Attack surface discovery is the reconnaissance phase where Pensar Apex identifies all entry points, endpoints, services, and authentication flows in your application. This phase is critical because it determines what gets tested in subsequent penetration testing phases. Pensar Apex supports two discovery modes:

Blackbox Mode

Probes a live target from the outside with no source code access. Mimics how an external attacker would discover your application.

Whitebox Mode

Analyzes source code directly to extract routes, endpoints, and authentication flows. Provides complete coverage of your API surface.

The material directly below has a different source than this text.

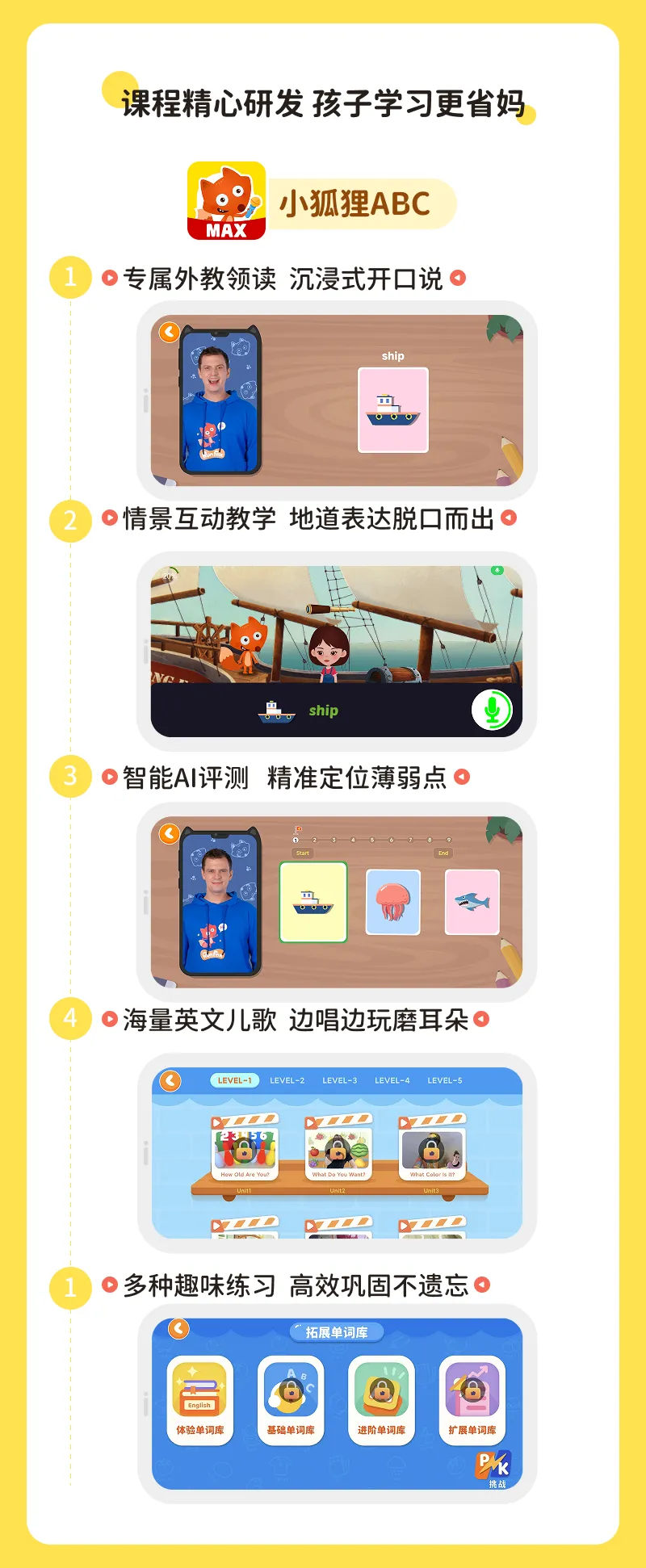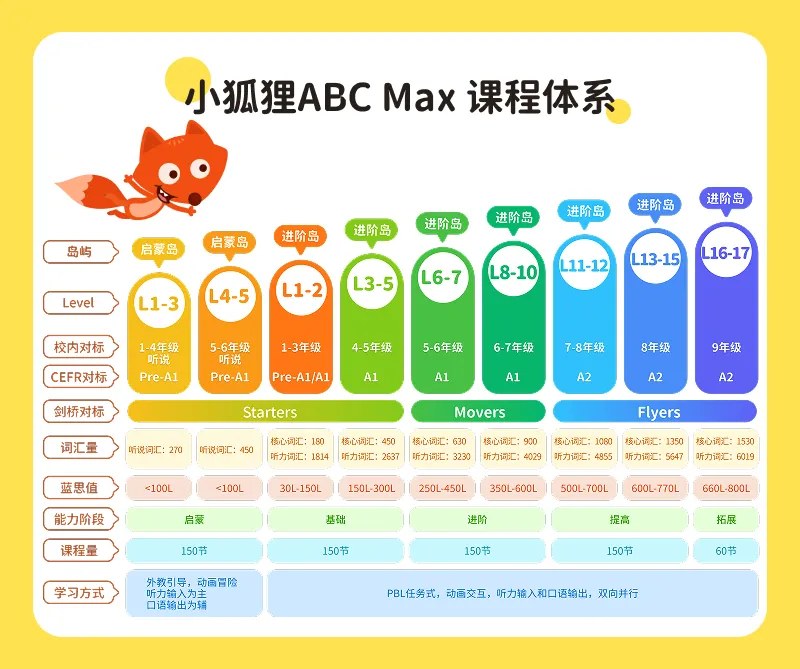 ● 小狐狸ABCMAX:适合3-12岁零基础或有基础娃进行系统学习。

Blackbox Attack Surface Discovery

In blackbox mode, the agent treats your application as a completely opaque system and discovers its attack surface through external observation.

Discovery Phases

The blackbox attack surface agent follows a systematic methodology:
1

Authentication (if credentials provided)

If you provide credentials, the agent authenticates first to discover protected endpoints and authenticated functionality.
const session = await sessions.create({
  name: "Blackbox Test",
  targets: ["https://example.com"],
  config: {
    authCredentials: {
      username: "testuser",
      password: "testpass",
      loginUrl: "https://example.com/login",
    },
  },
});
2

Subdomain Enumeration (optional)

When enabled, the agent discovers subdomains using:
  • DNS brute-forcing with wordlists
  • Certificate Transparency logs
  • DNS zone transfers (if misconfigured)
config: {
  enumerateSubdomains: true,
}
3

Service Discovery

The agent probes for running services using:
  • Port scanning (nmap)
  • HTTP/HTTPS probing
  • Service fingerprinting
  • Technology detection
4

Web Crawling

For web applications, the agent:
  • Crawls HTML pages and follows links
  • Executes JavaScript to discover SPA routes
  • Extracts API endpoints from JavaScript bundles
  • Maps authentication and form flows
5

API Endpoint Discovery

The agent discovers API endpoints through:
  • JavaScript source analysis
  • Common path enumeration
  • OpenAPI/Swagger discovery
  • GraphQL introspection
6

Asset Documentation

All discoveries are documented using the document_asset tool:
  • Domains and subdomains
  • Open ports and services
  • Web pages and routes
  • API endpoints
  • Authentication mechanisms

Blackbox Agent Configuration

import { BlackboxAttackSurfaceAgent } from "@/core/agents/specialized/attackSurface";
import { sessions } from "@/core/session";

const session = await sessions.create({
  name: "Attack Surface Analysis",
  targets: ["https://example.com"],
  config: {
    // Optional: Provide credentials for authenticated discovery
    authCredentials: {
      username: "testuser",
      password: "testpass",
      loginUrl: "https://example.com/login",
    },
    // Optional: Enable subdomain enumeration
    enumerateSubdomains: true,
    // Optional: Restrict scope to specific hosts
    scopeConstraints: {
      strictScope: true,
      allowedHosts: ["example.com", "*.example.com"],
    },
  },
});

const agent = new BlackboxAttackSurfaceAgent({
  target: "https://example.com",
  model: "claude-sonnet-4-20250514",
  session,
});

const result = await agent.consume({
  onTextDelta: (d) => process.stdout.write(d.text),
  onToolCall: (d) => console.log(`→ ${d.toolName}`),
});

console.log(`Discovered ${result.results?.discoveredAssets.length} assets`);
console.log(`Identified ${result.targets.length} high-priority targets`);

Blackbox Discovery Tools

The blackbox agent uses these tools:
Runs reconnaissance commands:
  • nmap for port scanning
  • dig for DNS queries
  • curl for HTTP probing
  • subfinder for subdomain enumeration
Loads web pages in a headless browser to:
  • Execute JavaScript and discover SPA routes
  • Capture rendered content
  • Follow navigation flows
Captures the DOM to:
  • Extract links and forms
  • Identify authentication mechanisms
  • Map page structure
Records discovered assets:
{
  tool: "document_asset",
  args: {
    assetType: "api-endpoint",
    identifier: "https://api.example.com/v1/users",
    description: "User management API endpoint",
    details: {
      method: "GET",
      requiresAuth: true,
      technology: "REST",
    },
  },
}
Generates the final report when discovery is complete. This tool triggers the stop condition.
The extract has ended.